Citation : 2016 Latest Caselaw 4683 Del
Judgement Date : 20 July, 2016

Delhi High Court
M/S Metal Engineering & Treatment ... vs Manish Kumar Aggarwal Prop on 20 July, 2016
$~A-26
*    IN THE HIGH COURT OF DELHI AT NEW DELHI
%                                             Date of Decision: 20.07.2016

+     C.R.P. 102/2016
      M/S METAL ENGINEERING & TREATMENT
      CO PVT LTD                             ..... Petitioner
                   Through  Mr. Asit Kumar Roy, Advocate.
                   versus

      MANISH KUMAR AGGARWAL PROP                             ..... Respondent
                  Through None.

      CORAM:
      HON'BLE MR. JUSTICE JAYANT NATH

JAYANT NATH, J. (Oral)

CM No. 25505/2016 (exemption) Exemption is allowed subject to all just exceptions. C.R.P. 102/2016 and CM No. 25504/2016 (for stay)

1. By the present petition, the petitioner seeks to impugn the order dated 21.03.2016. By the said order, the court had decided the preliminary issue which was framed regarding the territorial jurisdiction of the court to entertain the suit. The issue concerned reads as follows:-

"Whether this court has no territorial jurisdiction to entertain and try the present suit? OPD"

2. The brief facts which led to filing of the present petition are that the respondent/plaintiff deals in manufacturing of various cables, wires and similar products. The petitioner company/defendant during the course of business placed a purchase order dated 07.03.2011 for specified material.

Subsequently, a revised purchase order dated 22.03.2011 for specified material was placed. The respondent sent an advance payment performa invoice against which a payment of Rs.99,225/- was received on 12.04.2011. The petitioner further paid a sum of Rs.99,225/- to the respondent and the amount was credited to the account of the respondent in Delhi. Further the invoice issued by the respondent subsequently mentions "All disputes are subject to Delhi jurisdiction".

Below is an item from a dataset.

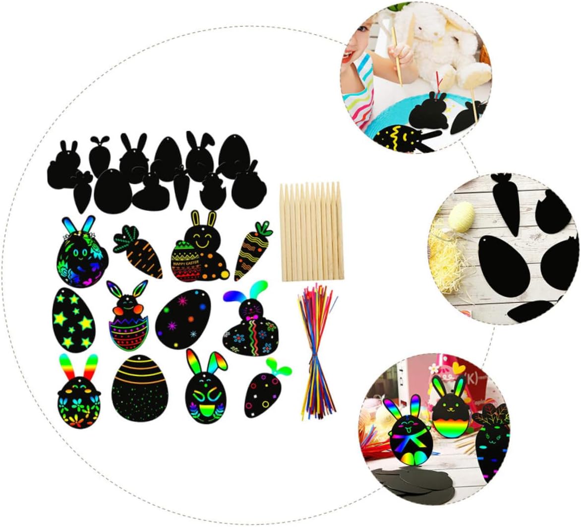 Carta da grattare di pasqua: basta usare degli stilo di legno per raschiare la superficie nera opaca della carta e rivelare il castello, forniture per feste di pasqua Giocattoli per : è un giocattolo divertente e innovativo per i , ed è anche un ottimo modo per allenare le capacità manuali e lo sviluppo dell'intelligenza dei , carta da grattare fai da te Carta da grattare: realizzata con materiale di qualità, questa carta da grattare è sicura e pratica da usare, adatta ai e delicata sulla pelle, articolo per feste Forniture pasquali: possono anche organizzare piccole competizioni creative con i loro amici, in cui possono divertirsi senza limiti, di carta da grattare per Carta da grattare per feste: che ne garantiscono la durata e la praticità, kit di carta da grattare

3. The trial court concluded that a perusal of the purchase order dated 22.03.2011 shows that the purchase order was placed by the petitioner on the plaintiff at the address of Village Patparganj, Delhi. The trial court also relied upon the judgments of this High Court in the case of Startech Enggcon Pvt. Ltd. vs. Bundelkhand University, 147(2008) DLT 276 and Rameshwar Das Dwarka (P) Ltd. vs. Deepak Puematics (P) Ltd., 147 (2008) DLT 624 to hold that payments received for the work done is a part of the cause of action and the place where the payment is being made or requires to be paid would be relevant to determine the territorial jurisdiction.

4. I have heard the learned counsel for the petitioner. He has relied upon the judgment of the Supreme Court in the case of Union of India vs. Adani Export Ltd. Anr.(2002) 1 SCC 567 to contend that the impugned order is erroneous and that the place where the payment is received would not constitute a part of the cause of action and would not confer jurisdiction on this court. He submits that the defendant has its place of business in Calcutta and has no presence in Delhi whatsoever. He submits that appropriate courts in Calcutta would have territorial jurisdiction.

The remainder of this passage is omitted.